Need help solving non-homogeneous ODE: d^2(y)/dt^2 + y = -cos(t), y(0) = 1, y'(0) = 0

[lukaszskowron96]

Hi, the non-homogeneous ODE I have to solve is this:

d^2(y)/dt^2 + y = -cos(t) with y(0) = 1 and y'(0) = 0

Here's the procedure I applied.

1) Find the complimentary function of homogeneous ODE:

d^2(y)/dt^2 + y = 0

It's a simple harmonic oscillator, so the solution is:

y_CF = A*cos(t) + B*sin(t) = 0 using the BCs

2) Find the particular integral:

d^2(y)/dt^2 + y = -cos(t)

and here I don't understand why the y_PI = A*x*sin(t) + B*x*cos(t) ??

The rest of the solution process is trivial.

 

[nasi112]

and here I don't understand why the y_PI = A*x*sin(t) + B*x*cos(t) ??

You mean y_PI = A*t*sin(t) + B*t*cos(t)

And your initial guess must have been y_PI = A*sin(t) + B*cos(t)

Well it is a very difficult question you asked there!
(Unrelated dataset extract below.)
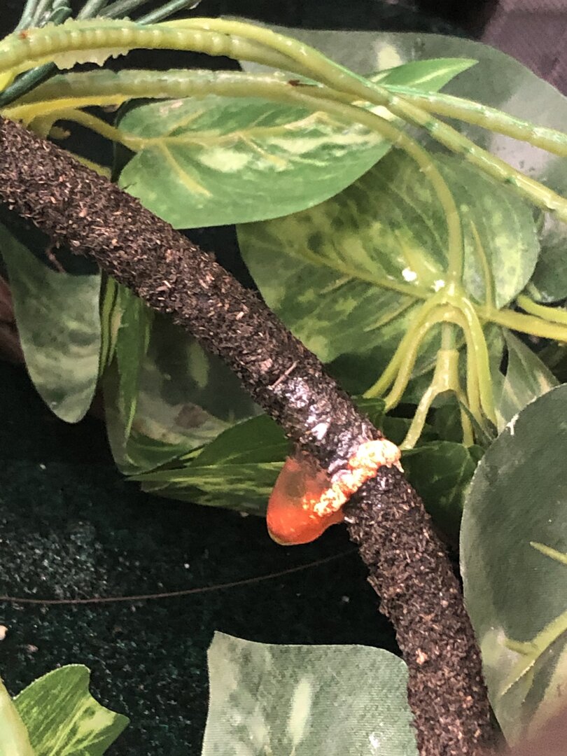 Hey guys. I noticed this bloody stool in my jacksons cage today. I did feed him two large superworms today and im wondering if that could have something to do with it? he has been eating heavily the past few days. Please let me know what I should do and if a vet visit is necessary.
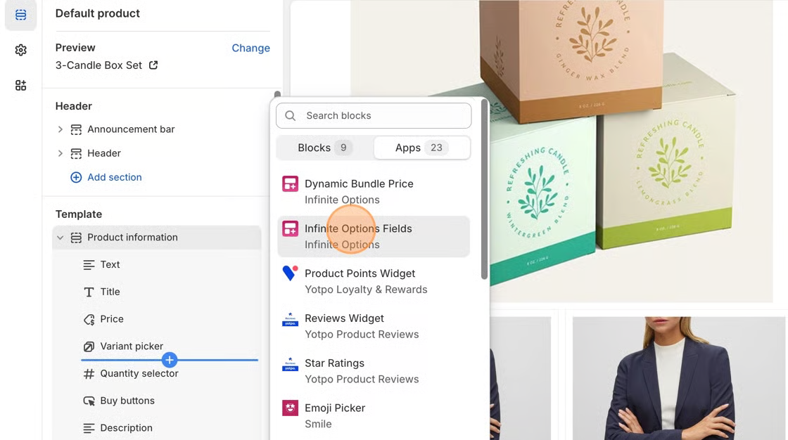 4\. In the **Product Information** section of the left-hand toolbar, hover below **Variant picker**, click the + symbol, then select the **Infinite Options Fields** block in Apps.

But you can treat the particular solution of your initial guess like if it is one of the repeated roots.

I am sure that you remember what to do when the characteristic equation has repeated roots, like this:

\(\displaystyle (r - 2)(r - 2) = 0\)

\(\displaystyle y(t) = c_1e^{2t} + c_2te^{2t}\)

You would multiply one of the terms by \(\displaystyle t\).

Now do the same to your differential equation solution.

\(\displaystyle y(t) = y(t)_{CF} + t*y(t)_{PI}\)